A las niñas las vistieron como hay que vestirse en estos casos, es decir como Olga Breeskin, con unas faldas de tiras y un brasier de florecitas. Para los varones, en cambio, se escogió una indumentaria que la Convención de Ginebra prohibe en su artículo catorce: primero un traje de baño y sobre él un paliacate de florecitas anudado en la cintura. Luego nos pusieron unas coronas de huele de noche y en la oreja algo que no recuerdo si era un clavel o una margarita. Al finalizar nuestro aspecto era similar al de alguien que siente un gran desprecio por el qué dirán.

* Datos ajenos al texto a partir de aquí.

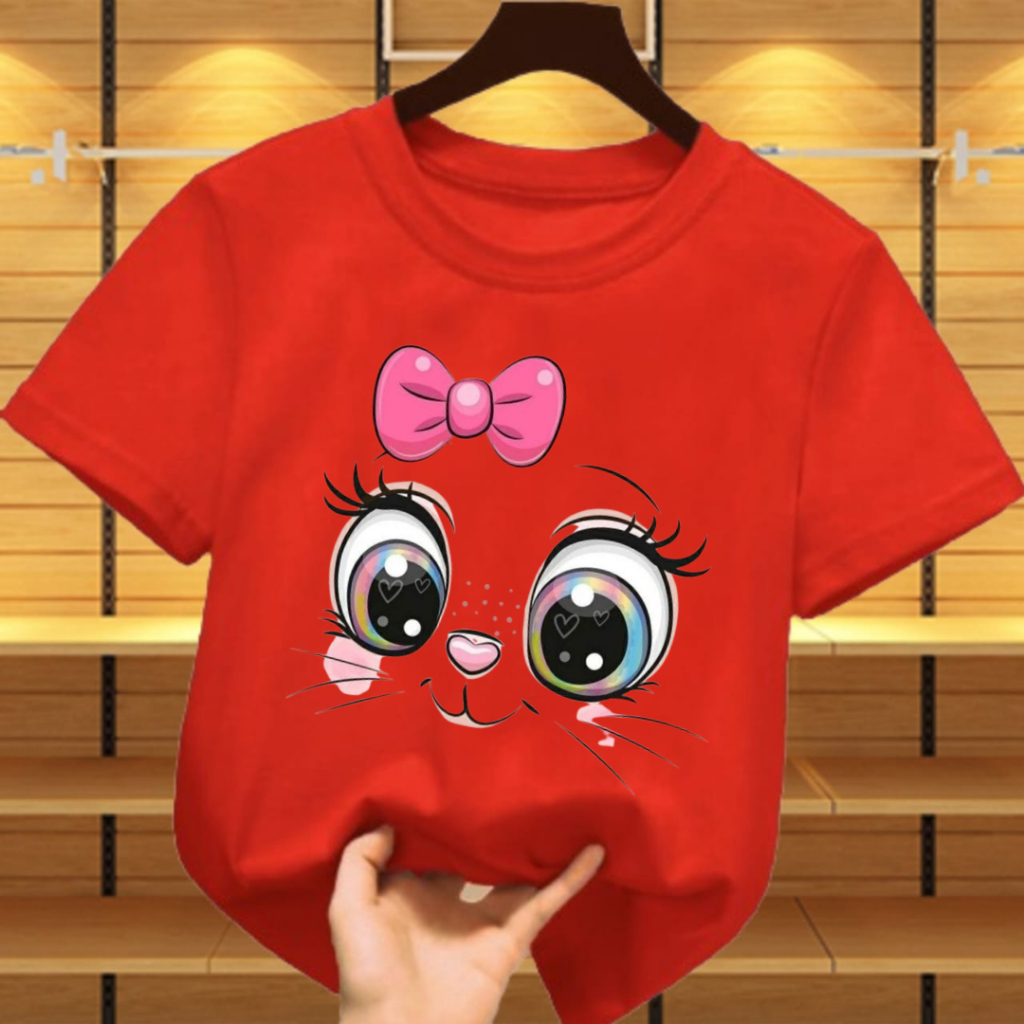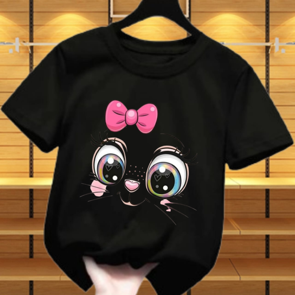 Kaos Atasan Anak Perempuan Motif Little Cat Kucing Kece Lucu Usia 2-12 Tahun Oblong Baju Cewek Lengan Pendek Tshirt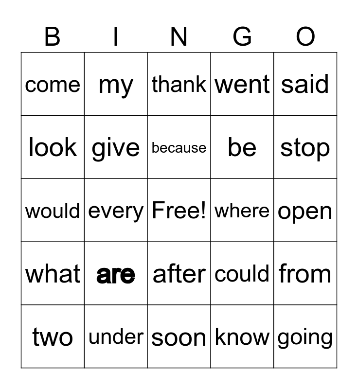 This bingo card has a free space and 24 words: are, under, because, two, said, come, look, my, where, after, be, would, could, from, give, know, open, thank, stop, every, going, what, went and soon.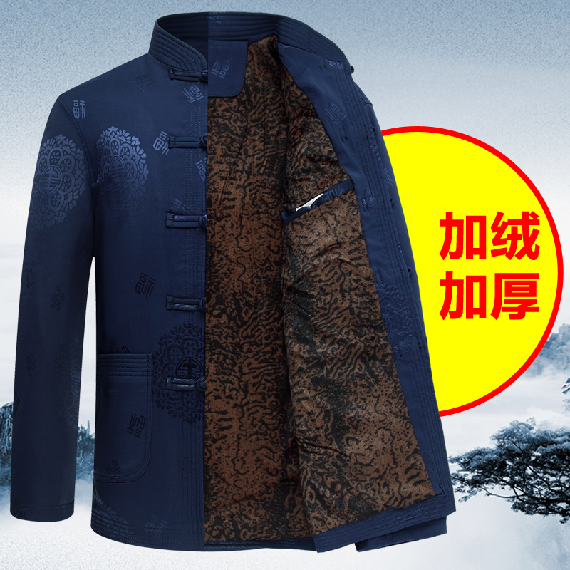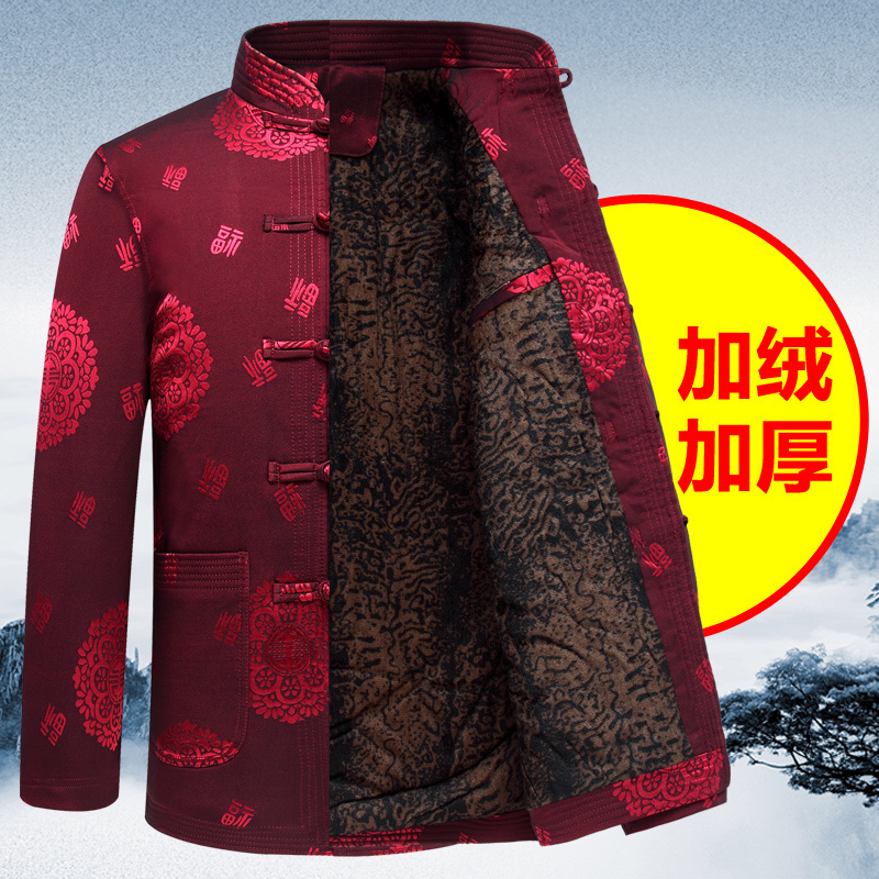 Winter Down the men's mid-aged men's men's clothing plus velvet thickened cotton clothes Father's dad cotton padded jacket for grandpa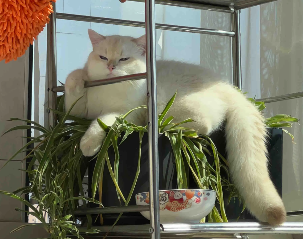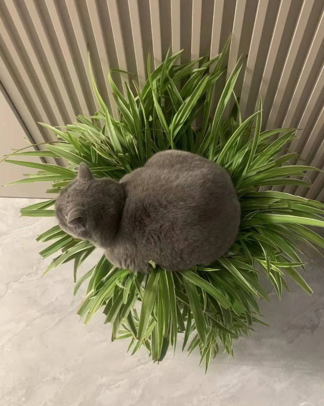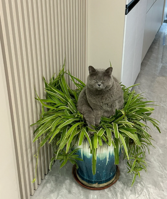 有时候坐在吊兰盆上,就像坐在自己的猫窝里一样。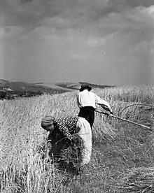 - (folksy) bundle (a fistful of wheat when harvesting with sickles or scythes; the bundles are tied into sheaves using straw)

La trama era simple: éramos unos pescadores que buscábamos el sol y una casa en el horizonte. Para explicar algo tan elemental tuvimos que brincar unos encima de otros, mover las caderas como la princesa Lea y sepultar nuestro ya precario prestigio entre el resto de nuestros compañeros que nunca pasaron un mejor rato.
La experiencia fue tan traumática que tomé la dolorosa decisión de no volver a bailar, cosa que más o menos he cumplido. Es por ello que cuando en una fiesta tocan algo popular y se para la gente impulsada por el resorte de su experiencia estudiantil siento sudores fríos y me escondo debajo de una mesa. Porque no me negará, querido lector que ver bailar a alguien el tilingo lingo es una experiencia perfectamente prescindible en la vida de todo ser humano.
Sin embargo, ese no es el punto, sino que descubrí que en las escuelas todavía existen los bailables, por lo que desde esta humilde tribuna mando mi solidaridad para todos aquellos que en este instante traen un clavel entre los dientes y la mirada perdida.